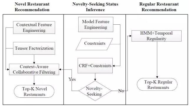 因此,为了区分是推荐去过的餐馆还是推荐新餐馆,我们从用户的历史就餐行为中学习用户对新餐馆的偏好,而这正是用户性格中的猎奇特性。在下一次餐馆推荐时,首先预测用户是否会选择新餐馆,针对新餐馆和去过的餐馆分别设计不同的推荐算法。
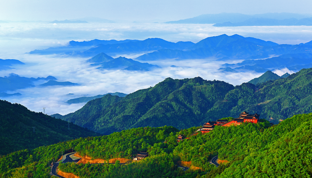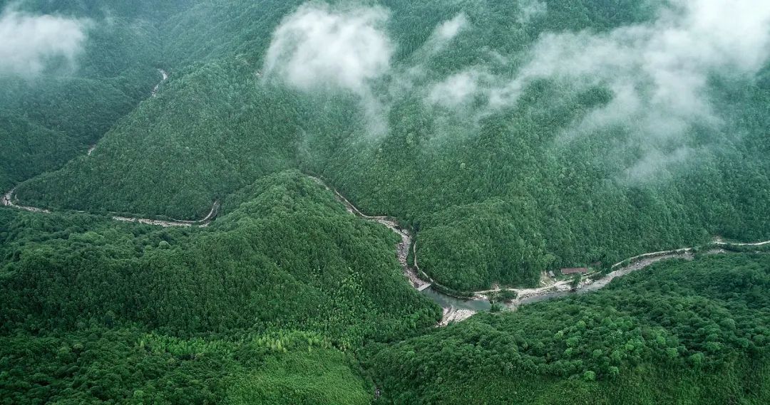 齐云峰国家森林公园,大片森林中流淌着弯弯曲曲的河流,沿河而行的公路与缭绕的云雾勾画出一幅美丽江山画卷
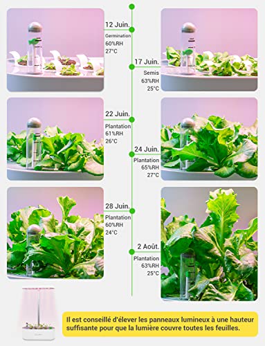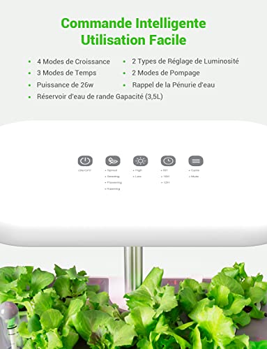 Spécification: Potager d’intérieur 12 Pots Jardin Interieur avec 4 Modes de Croissance Intelligents, Smart Garden de 26W Lumière LED, Hauteur Réglable 20-50cm
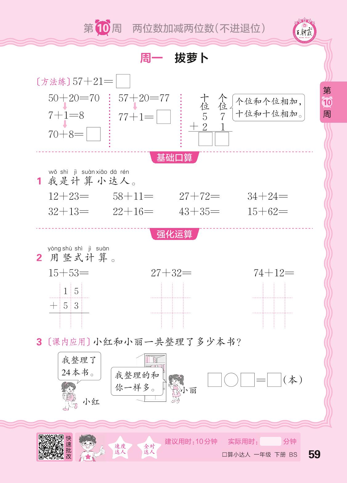 2024春下册一年级数学北师版 口算计算专练 第10周
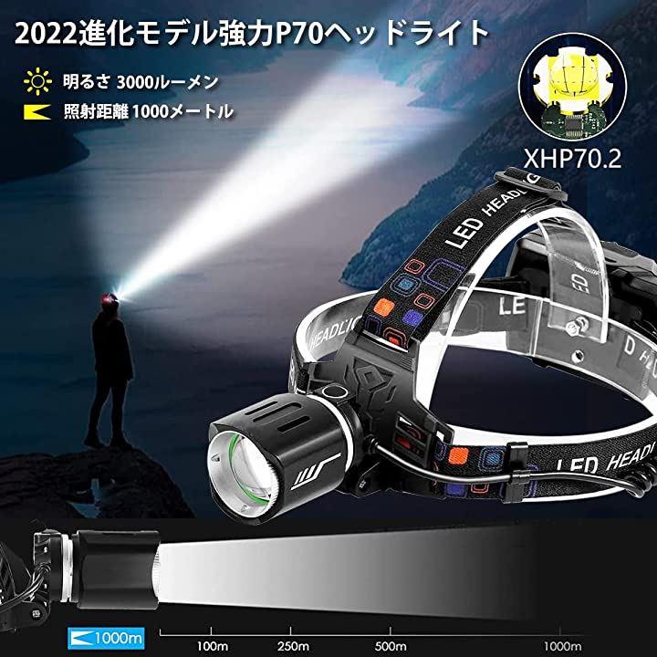 ・*「進化超強力LEDヘッドライト」 2022進化仕様米国製超高輝度XHP70光源チップを搭載する強力ledヘッドライトとして、常XHP50ヘッドライトの約4倍の明るさを実現し、遥かに超える光量を持っています。

····················

What you have to do:
Only the lines from the line containing "2024春下册一年级数学北师版 口算计算专练 第10周" through the last line of the entries above should be reproduced, word for word and without pictures.

Solution for this problem:
 2024春下册一年级数学北师版 口算计算专练 第10周
 ・*「進化超強力LEDヘッドライト」 2022進化仕様米国製超高輝度XHP70光源チップを搭載する強力ledヘッドライトとして、常XHP50ヘッドライトの約4倍の明るさを実現し、遥かに超える光量を持っています。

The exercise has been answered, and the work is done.